J'avais d'ailleurs déposé de nombreux amendements. L'un d'entre eux, qui a été adopté, posait explicitement, au sein du code du travail, le principe d'égalité des travailleurs pluriactifs ou saisonniers en matière de droit du travail et de droit social par rapport aux autres catégories de travailleurs. Malheureusement, les députés ne l'ont pas jugé utile et l'ont supprimé lors de la navette.

Aujourd'hui, au-delà des déclarations de principe, c'est une véritable politique garantissant l'égalité de traitement que nous devons mettre en œuvre. En effet, sept ans après ces débats, de nombreuses inégalités subsistent : absence de définition légale du travail saisonnier, clause non systématique de reconduction des contrats de travail d'une saison à l'autre, CDD saisonniers n'ouvrant pas droit à la prime de 10 % de fin de contrat...

Enfin, le chômage des saisonniers était, récemment encore, moins indemnisé, puisque les allocations étaient minorées par un coefficient réducteur. Après que les intéressés eurent livré une âpre bataille, ils ont obtenu sa suppression à l'issue des dernières négociations de l'UNEDIC, et je ne peux que m'en féliciter.

Il s'agit là d'un premier pas vers la réduction de cette précarité sociale, mais nous devons aller plus loin encore pour obtenir un nouveau cadre définissant la saisonnalité et construire les bases d'une véritable sécurisation sociale et professionnelle du parcours des salariés saisonniers.

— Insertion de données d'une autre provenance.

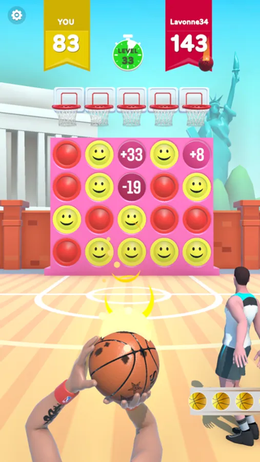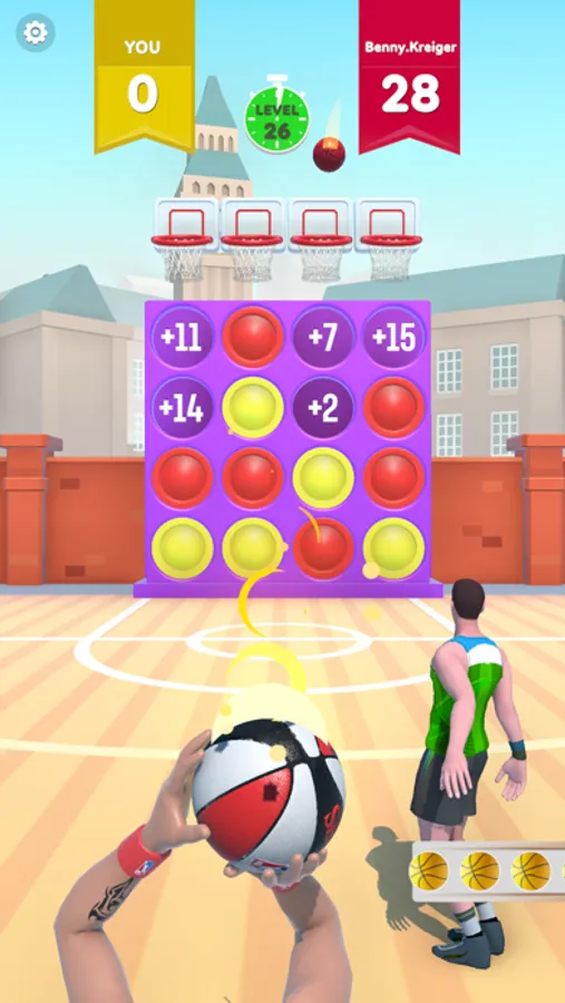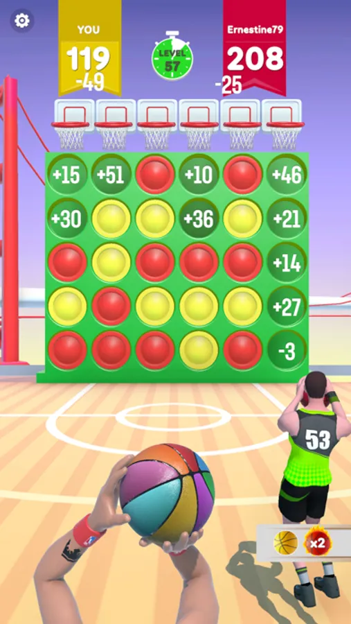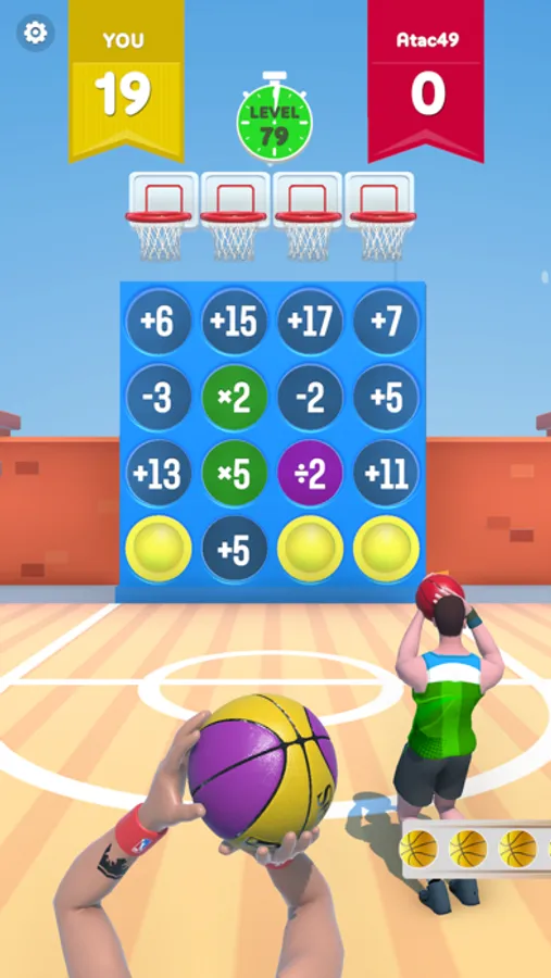 There are some numbers on the board, your goal is to eliminate your opponent by getting the highest score. You should pay attention to the minus and plus numbers. In some places, there may be objects that will prevent you from shooting baskets. Do your math well and try to reach the top of the list of thousands of people. You can customize your character by buying new balls and accessories with the dollars you earn.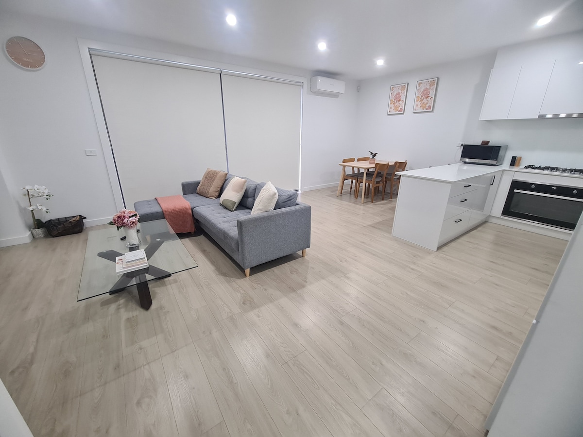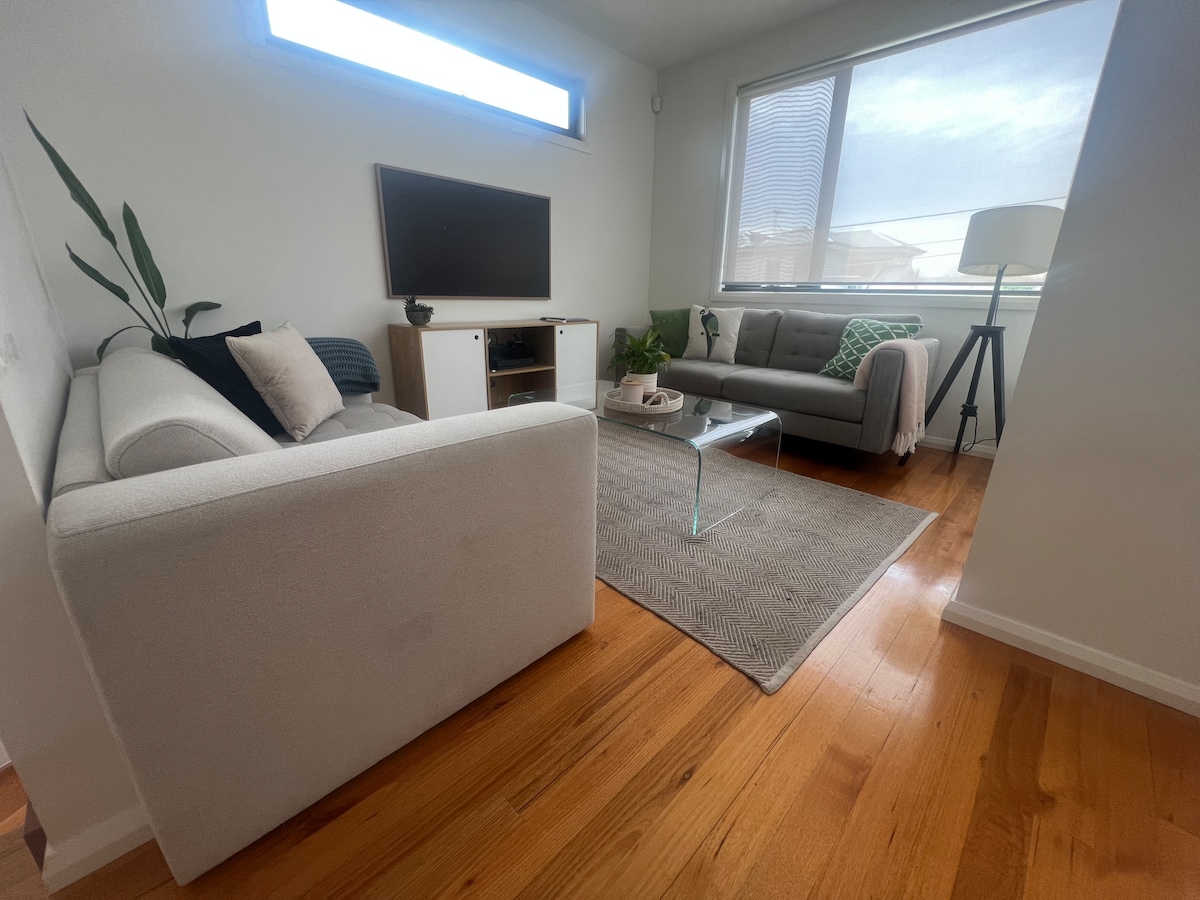 Skyline Sanctuary je útulné útočiště poblíž letiště v Melbourne, ideální pro krátkodobé nebo dlouhodobé pobyty. Užij si otevřený obytný prostor, 2 ložnice pro 2 osoby a luxusní koupelnu s prostornou sprchou a vanou. Zůstaň ve spojení díky vysokorychlostní Wi-Fi a Netflixu. Nachází se v blízkosti místních obchodů, nákupního centra Westfield a kaváren, které musíš navštívit, a nabízí pohodlí a pohodlné prostředí v přátelské čtvrti.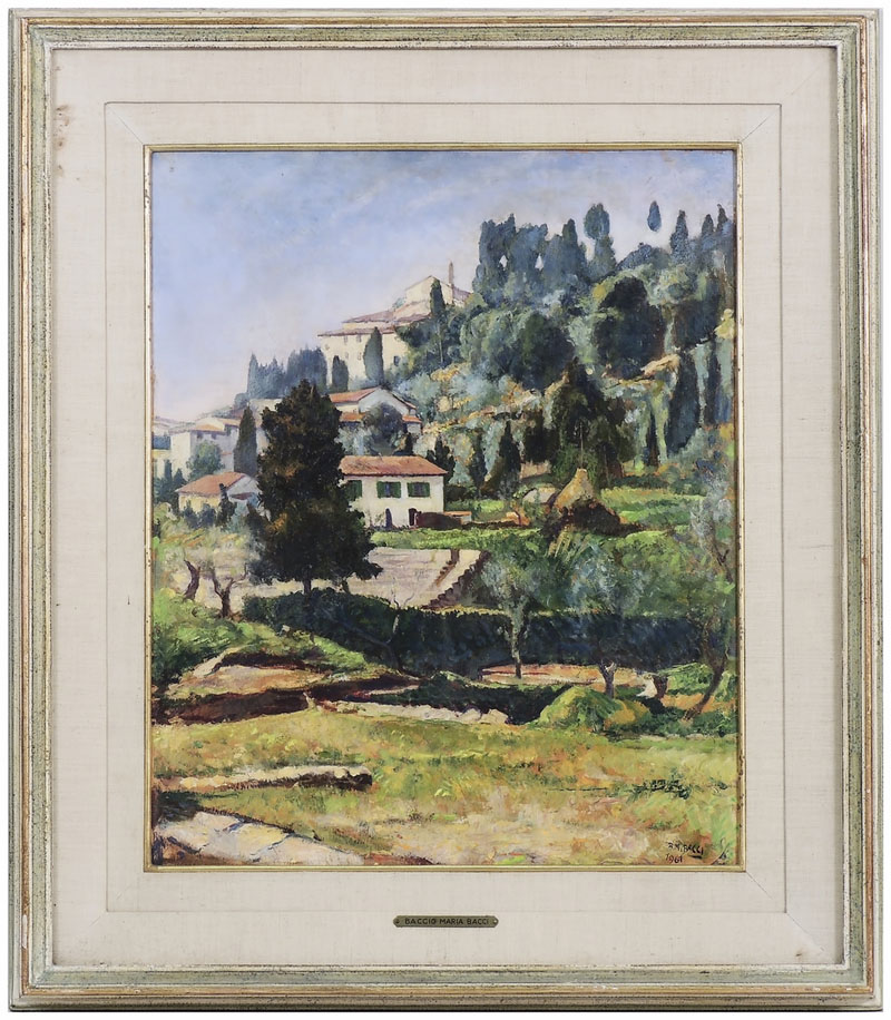 BACCIO MARIA BACCI (1888-1974) Veduta di Fiesole 1961 olio su cartone, firmato e datato, in cornice cm 55x45 Al verso reca iscrizioni FIESOLE VIEW, OIL ON CARDBOARD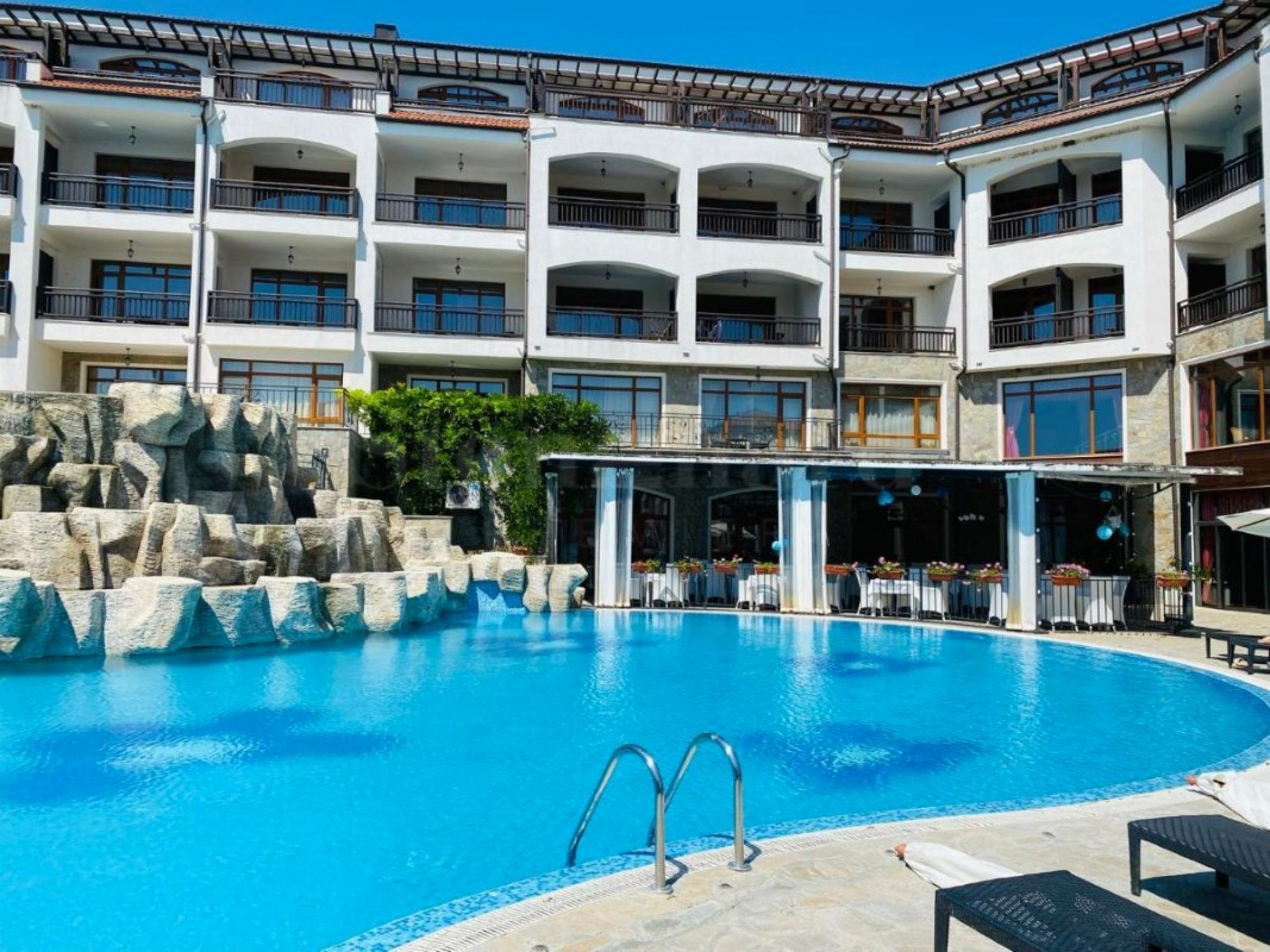 открытая благоустроенная парковка. Комплекс расположен на холме с потрясающим видом на море и Балканские горы.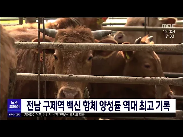 전남 구제역백신 항체양성률 역대 최고 기록
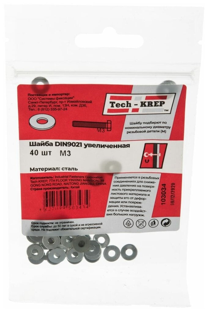 шайба din9021 кузовная оцинк. m3 (40 шт) Tech-Krep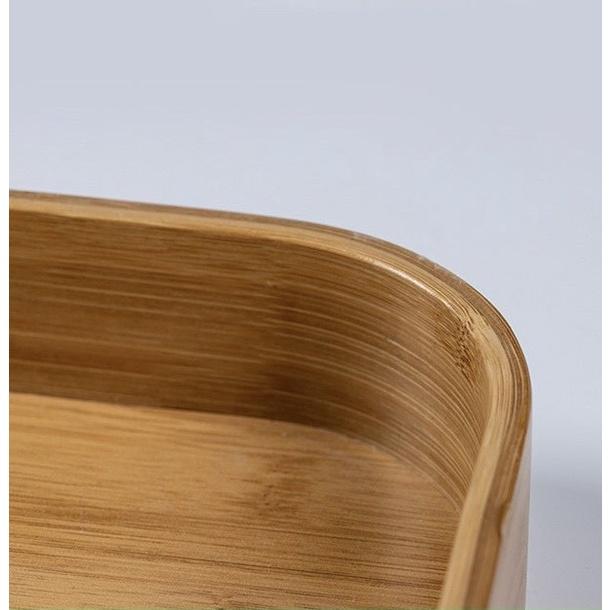 Khay gỗ chữ nhật đựng trà bánh được làm từ chất liệu gỗ tre tự nhiên cao cấp, tinh tế trong từng đường nét, màu sắc ấm dịu và gần gũ Khay gỗ trang trí

C'est dans cette perspective que le Médiateur de la République a, conformément à ses compétences, fait une proposition de réforme dont je ne vais pas vous donner les détails ici, mais qui reprend les points que je viens d'aborder. M. le ministre de l'emploi en a été destinataire, ainsi que Mme la ministre de l'économie, des finances et de l'industrie, M. le ministre de l'agriculture, de l'alimentation, de la pêche, de la ruralité et de l'aménagement du territoire et M. le secrétaire d'État chargé du commerce, de l'artisanat, des petites et moyennes entreprises, du tourisme, des services et des professions libérales. C'est dire si le Gouvernement auquel vous appartenez est bien informé de cette proposition de réforme !

Aussi, je vous demande quelles suites vous entendez donner à cette proposition qui permettrait, en renforçant les droits attachés au contrat de travail des saisonniers, d'apporter à ces derniers une amélioration considérable et légitime de leurs conditions de travail et, donc, de vie.

M. le président. La parole est à M. le secrétaire d'État.

M. Benoist Apparu, secrétaire d'État auprès de la ministre de l'écologie, du développement durable, des transports et du logement, chargé du logement. Madame la sénatrice, vous m'interrogez sur les suites susceptibles d'être données au rapport du Médiateur de la République concernant le régime juridique du contrat de travail des saisonniers.

Dans ce rapport, sont préconisées des voies de réforme du contrat à durée déterminée saisonnier au travers des trois mesures suivantes : l'introduction d'une définition légale du caractère saisonnier du contrat, la reconduction de principe du contrat saisonnier emportant l'obligation pour l'employeur de motiver la non-reconduction et l'obligation pour l'employeur de verser une indemnité de fin de contrat compensatrice de précarité lorsque le contrat saisonnier n'est pas reconduit.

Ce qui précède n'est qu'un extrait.